Abstract
Two distinct diazo precursors, imidazotetrazine and nitrous amide, were explored as promoieties in designing prodrugs of 6-diazo-5-oxo-l-norleucine (DON), a glutamine antagonist. As a model for an imidazotetrazine-based prodrug, we synthesized (S)-2-acetamido-6-(8-carbamoyl-4-oxoimidazo[5,1-d][1,2,3,5]tetrazin-3(4H)-yl)-5-oxohexanoic acid (4) containing the entire scaffold of temozolomide, a precursor of the DNA-methylating agent clinically approved for the treatment of glioblastoma multiforme. For a nitrous amide-based prodrug, we synthesized 2-acetamido-6-(((benzyloxy)carbonyl)(nitroso)amino)-5-oxohexanoic acid (5) containing a N-nitrosocarbamate group, which can be converted to a diazo moiety via a mechanism similar to that of streptozotocin, a clinically approved diazomethane-releasing drug containing an N-nitrosourea group. Preliminary characterization confirmed formation of N-acetyl DON (6), also known as duazomycin A, from compound 4 in a pH-dependent manner while compound 5 did not exhibit sufficient stability to allow further characterization. Taken together, our model studies suggest that further improvements are needed to translate this prodrug approach into glutamine antagonist-based therapy.

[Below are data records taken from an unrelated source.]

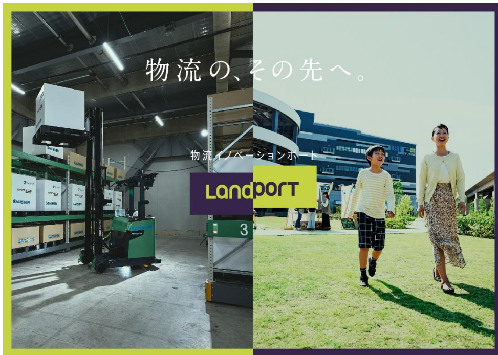
【新しく作成した「Landport」ブランドムービーのサムネイル】

また、本イベントでは、当社が今後目指していきたいと考える物流施設のコンセプトを皆さまにもご覧いただけるよう、この度新しく作成した当社の高機能型物流施設「Landport」のブランドムービーも公開する予定です。
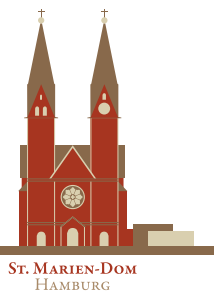
ST. MARIEN-DOM HAMBURG
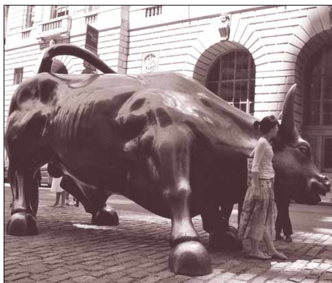
► Nowojorski Byk – jak długo jeszcze będzie sprzyjał hossie?

Utrzymywanie się przez wiele miesięcy wysokiego wzrostu gospodarczego wpływa na pobudzenie procesów inflacyjnych. Wg GUS w II kw. b.r. wskaźnik wzrostu cen dóbr i usług wyniósł średnio 2,4%. Zgodnie z najnowszą projekcją NBP, w IV kw. 2007 inflacja przekroczy 2,5% roku, a pod koniec 2009 zbliży się do 3,5%.
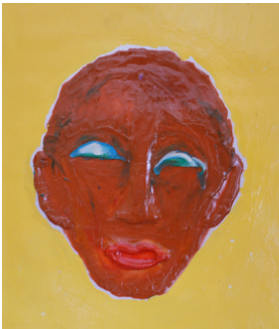
La Cara de la Ceguera (Cris de Diego, 2018). Audiodescripción disponible en: https://crisediego.es/2018/12/18/la-cara-de-la-ceguera/
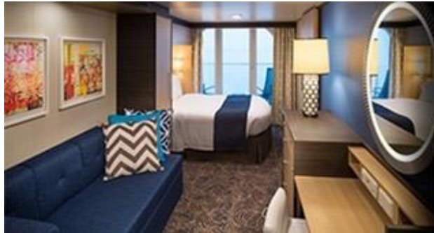
ขนาดห้องพัก : 198 ตารางฟุต ขนาดระเบียง: 55 ตารางฟุต
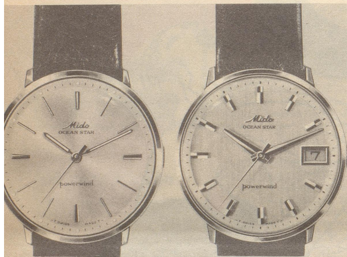
5001 Ocean Star Stahl Fr. 262.- Goldplaque Fr. 298.- mit Kalender Fr. 282.-/345.- 55007 Ocean Star Datometer Stahl Fr. 298.- Goldplaque Fr. 360.- 18 Kt. Gold Chronometer Fr. 745.-
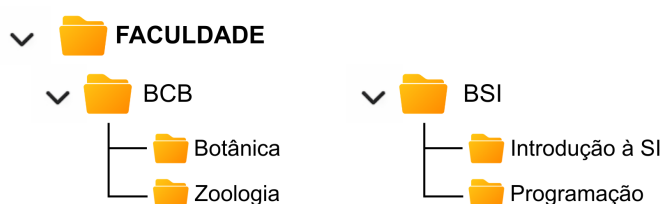
Figura 1. Prática sobre organização de pastas.

a) Manuseio e uso de computadores pessoais (1º dia): foram abordados os conceitos introdutórios de informática, acompanhados de atividades práticas de familiarização com o uso do computador. Para o desenvolvimento da digitação, utilizou-se a plataforma Typing.com , voltada ao treinamento de digitação, enquanto o treino do uso do mouse foi realizado com o auxílio do CPS Check , ferramenta para avaliação de cliques. Em relação ao sistema operacional Microsoft Windows , os cursistas realizaram atividades de organização de pastas no explorador de arquivos, estruturando diretórios com nomes de cursos e disciplinas, conforme ilustrado na Figura 1.
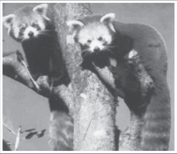
चित्र 14.2: रेड पांडा - एक संकटापन्न प्रजाति

विश्व की सभी संकटापन्न प्रजातियों के बारे में (Red list) रेड लिस्ट के नाम से सूचना प्रकाशित करता है।

Keywords: Prodrug, α-diazoketone, 6-diazo-5-oxo-L-norleucine
6-Diazo-5-oxo-L-norleucine (DON, Fig. 1) is a glutamine analog that acts on a broad range of glutamine-utilizing enzymes by forming a covalent bond with a nucleophilic residue at an active site, resulting in the irreversible inhibition of the enzymes. Given the significance of glutamine metabolism in cancer,1 DON was investigated as a chemotherapeutic agent in a number of clinical studies.2 Its development was, however, hampered by dose-limiting toxicity in the gastrointestinal (GI) tract2 which is enriched with highly glutamine-consuming cells. To this end, various tumor-targeted prodrugs of DON have been explored in an attempt to minimize DON exposure to the GI tract.2 These prodrugs possess promoieties at both the carboxylic acid and α-amino group of DON and no longer have the ability to act on glutamine-utilizing enzymes until being converted back to DON preferentially at the site of action. For instance, prodrugs 13 and 24 showed enhanced brain-plasma ratio for DON with limited GI exposure while prodrug 35 was successfully designed for tumor-targeted delivery (Fig. 1).
Fig. 1.
6-Diazo-5-oxo-L-norleucine (DON) and its representative prodrugs 1-3.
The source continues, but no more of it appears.